Jun 16 2014
Mobility

The Smartphone Lies at the Heart of the Wearable Revolution

While many are thrilled about the potential of wearable technology, it’s important to remember that the smartphone currently holds the keys to the kingdom.

The wearable-technology market has exploded with new products in the past two years. In fact, if you tried to wear all the gadgets at once, you would probably have trouble walking, much less running. At the center of all this body technology sits one key piece: your smartphone.

Goofy images of dangling Fitbits and Pebble watches aside, the wearables market should reach about $1.5 billion in revenue in 2014, meaning there are many more accessories coming than Kickstarter watches. Right now it's a typical startup scramble as new companies pop up with innovative ideas and products. Samsung and other huge companies have wearable items, but no device has achieved significant market presence.

Such a fractured market means there’s no coordination among vendors or standards to follow, and since wearables must be as small as possible, they rely on smartphone apps to communicate to the wearer over Bluetooth. That's one reason Google has just released its new Android Wear initiative, which takes its popular mobile operating system and optimizes it for wearable accessories.

Pull your smartphone out of your pocket and take a good look at it. It has a huge battery compared with the batteries on wearable gadgets. The screen, now averaging about 4 inches, can show far more than a smartwatch. Storage space? Huge in the phone, tiny in the wearable.

Processing power could be the first and last argument for smartphones being the center of the wearable world.
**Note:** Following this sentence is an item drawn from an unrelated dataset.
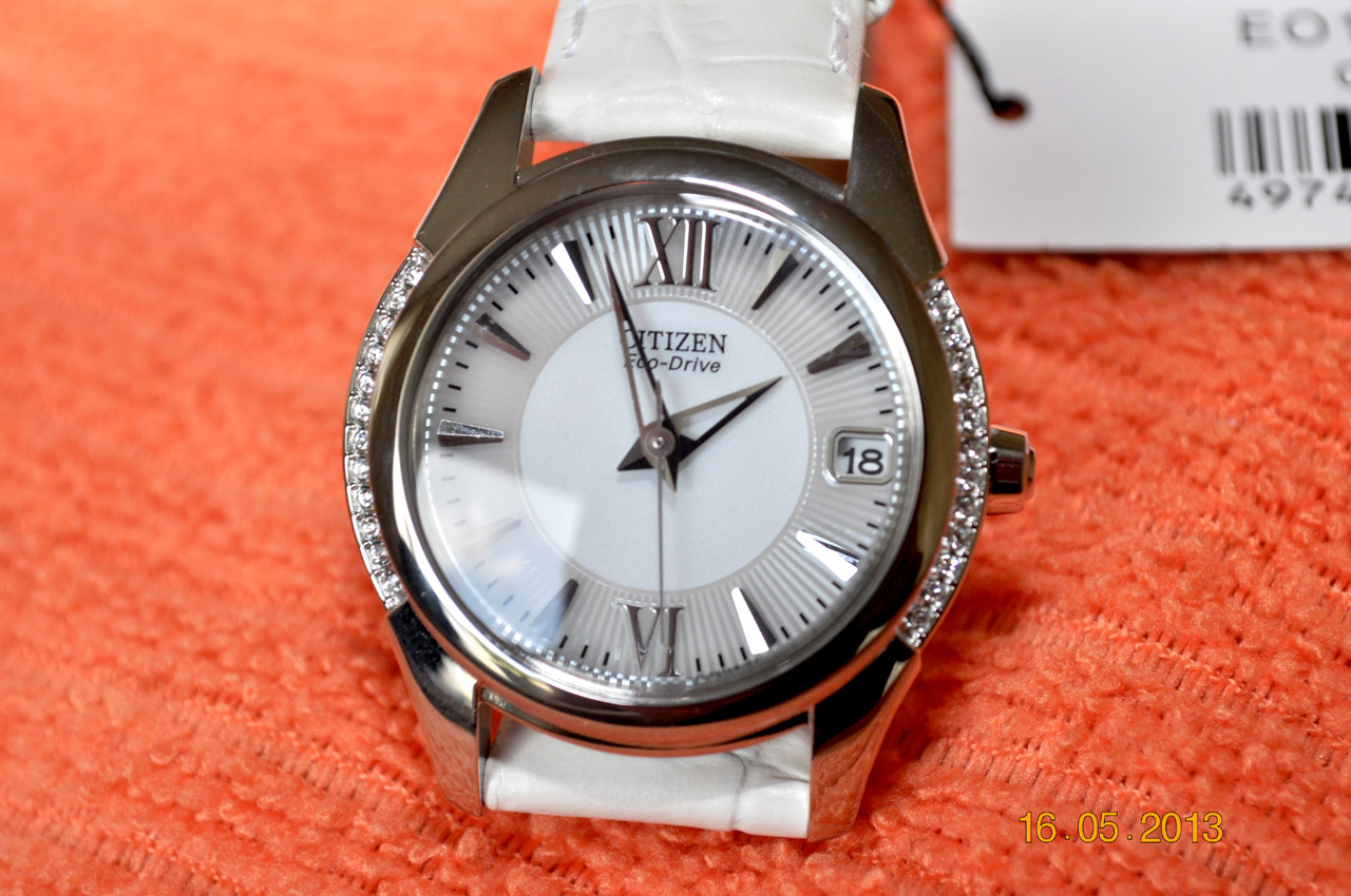 Представляю вашему вниманию фото женских часов со светлым цифером и кожаным светлым ремешком Citizen EO1041-03B Eco-Drive Ladies White Leather Swarovski Crystal Date Elegant Watch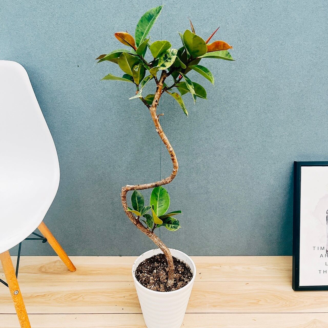 新芽〜古葉にかけて葉の色の移り変わりが楽しめる面白い品種で、こちらは、曲がりが綺麗なおすすめの一鉢です!

Quad-core chips and gigahertz speeds will be happy for something to do while waiting a virtual eternity for each voice call or text or Facebook update. There's so much processing in modern phones that some analysts say it's far more powerful than the computers that got Apollo spacecraft to and from the moon.

People who are still interested in a shred of privacy can rely on their smartphones to collect data but not to spread it through the cloud. Avid runners, for instance, may want to compete with others for most distance run in a week, but they want to control how and where this information is spread. When devices start to bypass the phone and automatically send data to the cloud, another piece of your privacy wall crumbles.

Smartphones may well have been the enabling technology for the new wave of wearables. And improvements for your pocket server, such as Bluetooth Low Energy — a new protocol that enables faster device discovery, connection and disconnection, as well as reduces battery drain — will help the cause for a few more years.

Prepare for the smartphone to become more of a background player over the next few years as more new wearable-technology products from both startups and global enterprises take center stage. The spotlight — and hype — will focus on the wearables, but the foundation will be the smartphone.

But in another dozen years, the continuing reduction in the size of wearable devices and smaller storage media, magnified by better glass display technology, may allow these products to take over for the smartphone completely, some analysts predict. The smartphone, though, will be more advanced by that time and will likely remain the server for all wearable technology.